The syntax could not be simpler. If you want to add some number X to every element in some list L1 you type X+L1→L1.
seq(
Most for loops over a lists in TI-Basic can be replaced by cleverly constructed seq( command that will outperform the for loop in time and memory. The exceptions to this rule are loops that contain I/O or storing variables.
The syntax for this command can be quite confusing, so I recommend reading over this documentation before using it. In case that link dies, here's the most relevant information.
Command Summary
Creates a list by evaluating a formula with one variable taking on a
range of values, optionally skipping by a specified step.
Command Syntax
seq(formula, variable, start-value, end-value [, step])
Menu Location
While editing a program, press:
2nd LIST to enter the LIST menu RIGHT to enter the OPS submenu 5 to
choose seq(, or use arrows.
Calculator Compatibility
TI-83/84/+/SE
Token Size
1 byte
The documentation should do a good job explaining the syntax for seq(, so I'll just provide a sample use case.

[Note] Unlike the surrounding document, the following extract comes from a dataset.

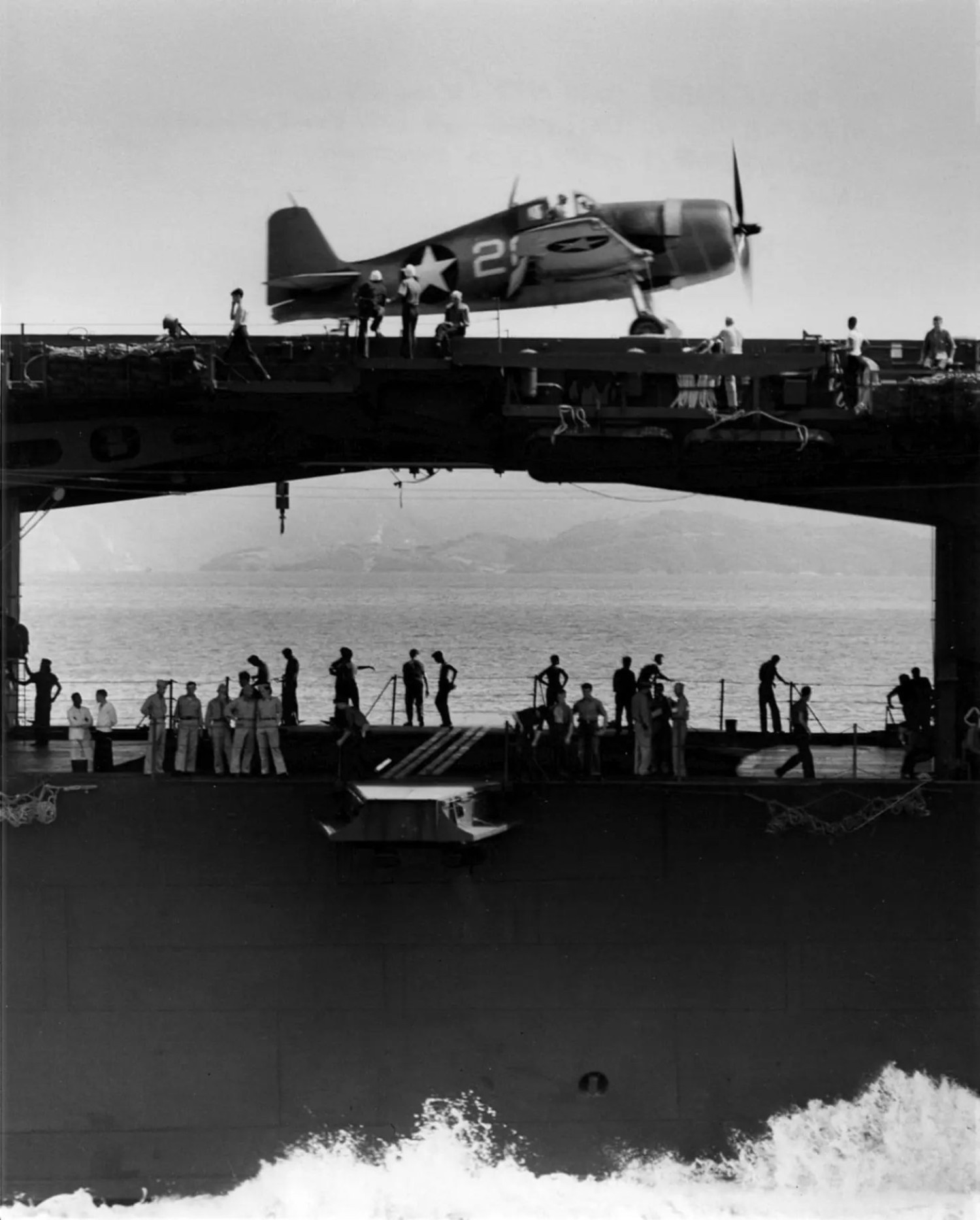 Starboard side view of the carrier Yorktown (Essex-class) with an F6F-3 Hellcat fighter of VF-1 on the fight deck above the athwartship hangar deck catapult, June 1943.

If you want the square of every number between 1 and 100 you could do this
For Loop
DelVar L1100→dim(L1
for(A,1,100
A²→L1(A
End
or, this
seq
seq(A²,A,1,100→L1
The drawback of seq( is that you can't do any I/O or store any variables inside the expression.
Predefined list iteration function
Go to the LIST menu and check out all the operations under OPS and MATH. These predefined function are always going to be faster than a for loops or even a seq( expression designed to do the same thing.